__Recorded data__.

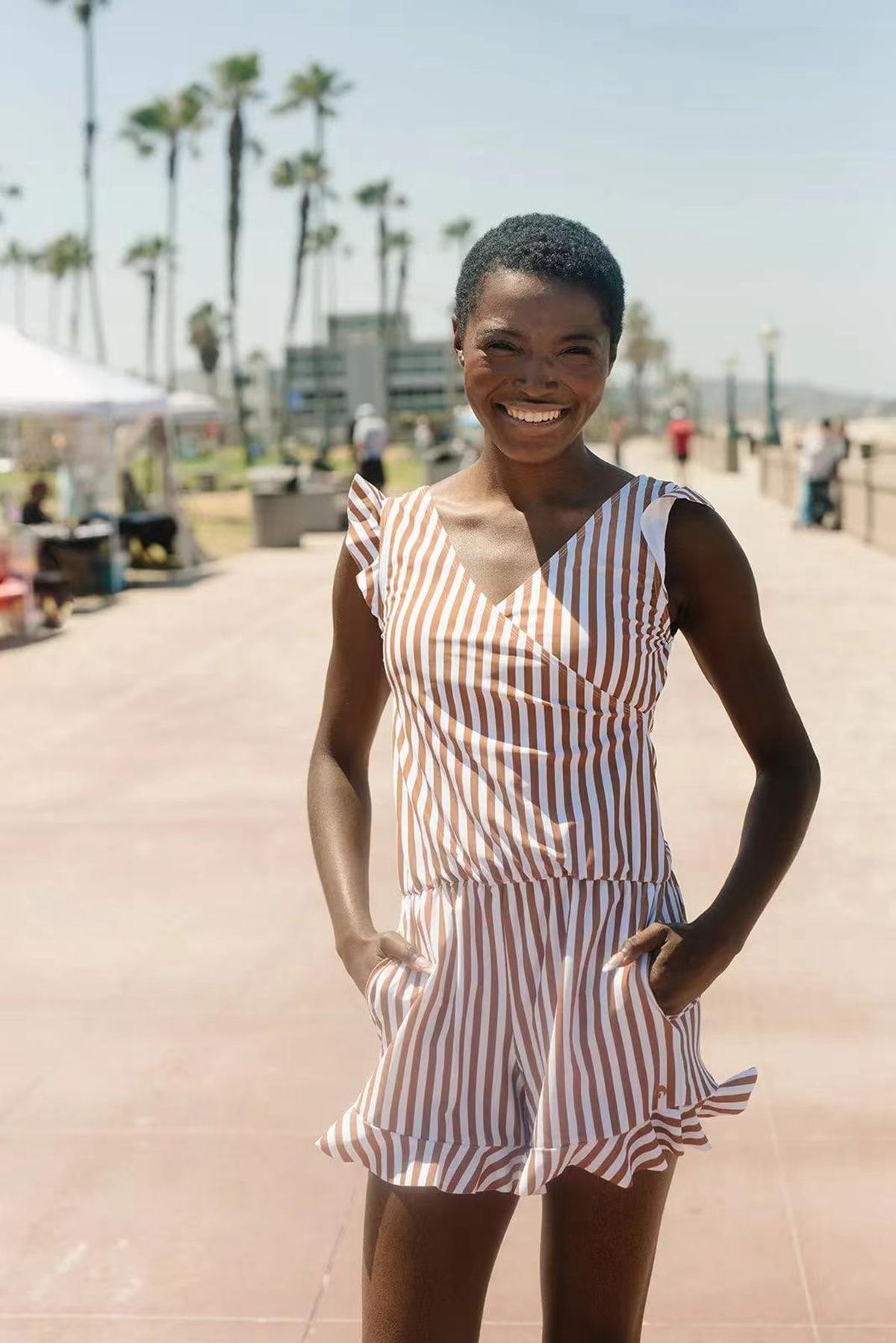 Verano 2024 Nuevo mono versátil de surf a rayas con tirantes ajustados sin mangas para mujer
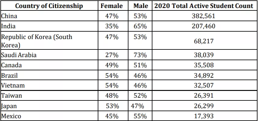 留美学生十大生源国家/地区PS:本报告中的国际学生统计为SEVIS系统Active状态的学生,这意味着2020年入学、目前在美国境外上网课、SEVIS系统未激活的学生并不在统计之内。
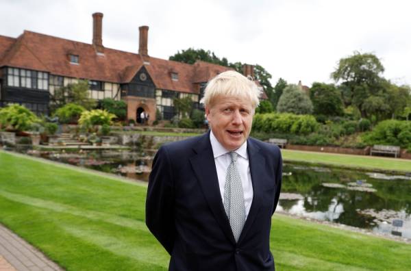 Boris Johnson, a leadership candidate for Britain's Conservative Party, looks on during his visit at Wisley Garden Centre in Surrey, Britain, June 25, 2019. REUTERS/Peter Nicholls
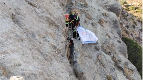 Ένα κυνηγόσκυλο που εγκλωβίστηκε σε γκρεμό και δεν μπορούσε να επιστρέψει, κλήθηκε να αντιμετωπίσει σήμερα η Πυροσβεστική

__Work instruction__.
Starting with the first line of the material, print each line exactly until you have printed the line with "留美学生十大生源国家/地区P", and skip the pictures.

__Task result__.
 Verano 2024 Nuevo mono versátil de surf a rayas con tirantes ajustados sin mangas para mujer
 留美学生十大生源国家/地区PS:本报告中的国际学生统计为SEVIS系统Active状态的学生,这意味着2020年入学、目前在美国境外上网课、SEVIS系统未激活的学生并不在统计之内。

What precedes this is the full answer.